これがきっかけとなり、CCHに実を結ぶ事業構想の原型が生まれた。本格的に検討が始まったのは19年9月15日。池袋で大石さんや小松さん、椎野さん(コンサルティング事業部・マネージャー)らと飲んで意気投合した。中小病院の案件が増える中、これだと思い、一緒にやろうということになった。
双方が共有しているのは、全国5800の中小病院がコミュニティホスピタルに変わると日本の医療が変わるという確信だ。大杉先生は08年の頴田病院から始めて、3院をコミュニティホスピタルに生まれ変わらせたが、独力では限界がある。CCH協会が生まれ、23年4月に同善会で事業が始まり、大杉先生のもとからエースである小笠原雅彦医師を送り込んだ。
期待が大きいだけに注文は厳しい。
中小病院を再定義するCCHだが、メディヴァがそれまで手掛けてきた病院再生がマイナスをゼロにするものだとしたら、ゼロを100にする必要がある。病院は医師で決まり、ダメな医師を切り、いい医師を入れれば勝てるという。
東京ではフリーランスでもいい人がつかまるかもしれないが、それでもコミュニティホスピタルを支える人材は100人はいないはず。首都圏外には一人もいないといっても過言ではないと言い切る。幸いメディヴァは遠矢さんのようないい人材に出遭えたが、しっかりと人材を育成する仕組みが欠かせないと力説する。
これまで医師を育ててきたのは、毀誉褒貶はあるものの大学病院の医局だった。古い体質の組織だが、人材の育成や配置では大きな実績があるのも事実だ。CCHではそれに代わるものを作らないとならない。それなりに金はかかるし、人材も投入しないとならない。メディヴァから法人事務局長として草野さんも加わり、同善会で医師育成が本格的に始まっているが、スピードはまだまだ物足りない。

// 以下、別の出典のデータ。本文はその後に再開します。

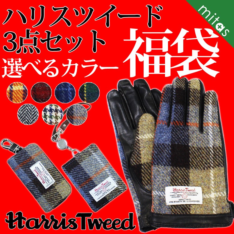 選べる福袋!数量限定!ハリスツイード生地を使った、スマホ対応手袋・キーケース・パスケースの3点セットです。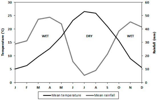 Climogram of the area based on climate historical data from 2001 to 2020.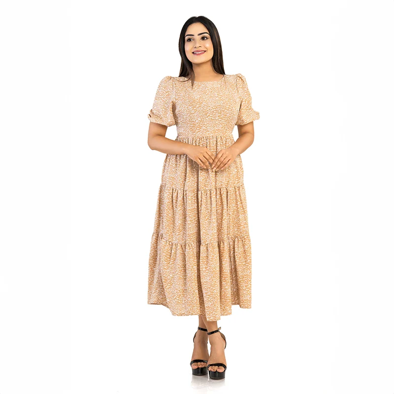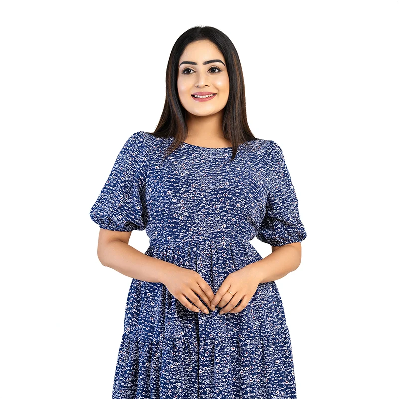 The Zoey Crewneck Maxi Dress combines classic charm with modern sophistication. Featuring a delicate floral print on lightweight chiffon, it offers both comfort and style. The short puff sleeves and round neckline add a touch of romance, while the fitted bodice and flared skirt create a flattering silhouette. Perfect for any occasion, this versatile dress can be dressed up or down. Easy to maintain and machine washable, it’s a timeless addition to your wardrobe. Model wears size UK 12 (L).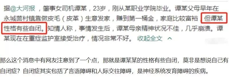 唯一能和“精神疾病”沾上一點(diǎn)關(guān)系的,是此前有媒體調(diào)查發(fā)現(xiàn)的女車主譚某“性格有些自閉”,被有些網(wǎng)友懷疑是想以自閉癥為借口脫罪。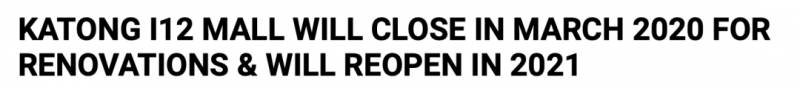 而在加东地区的商场I12 Katong也宣布将在本月月底结束营业,3月开始进行翻新工程,预计2021年重开。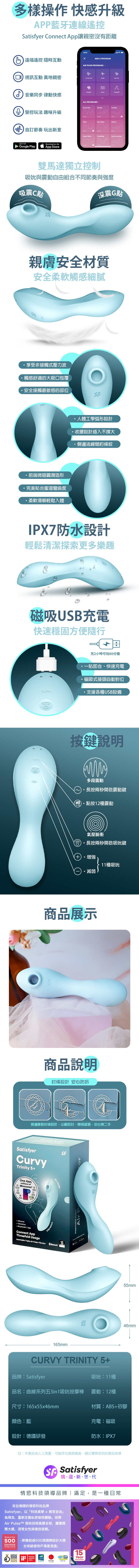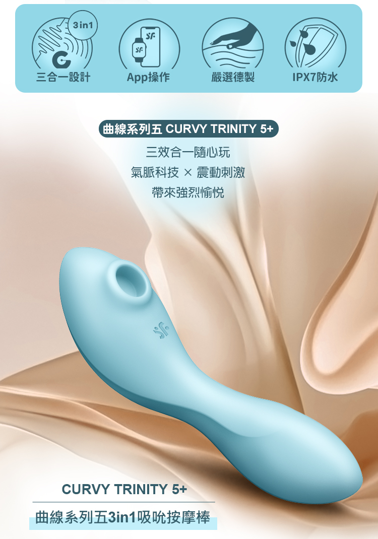 商品名稱:Satisfyer|Curvy Trinity 5+|曲線吸吮按摩棒 藍

キャリアを重視する医師にとって、そこでしか学べない機会が提供されれば大きな魅力となり、採用のポイントになりうる。こうした医師の特性について、メディヴァの「解像度」はまだまだ高くないと指摘する。
どこから資金を持ってくるかという経営的な問題はあるが、病院のMAだけでは限界もある。ボランタリーチェーンのような形にしなければ、とてもCCH100院の目標は実現しない。CCHの話になると熱い言葉が止まらなくなる。
最後にメディヴァの評価について伺うと、「患者のためにいい治療をという理念は1ミリもぶれていない」「試行錯誤でここまでやってきたのは素晴らしい。みんなと話すと大きな夢を一緒にコミットしていることが伝わってくる」「隠し事もない。真似されても結構という姿勢だ」。ここでは優しい口調に変わった。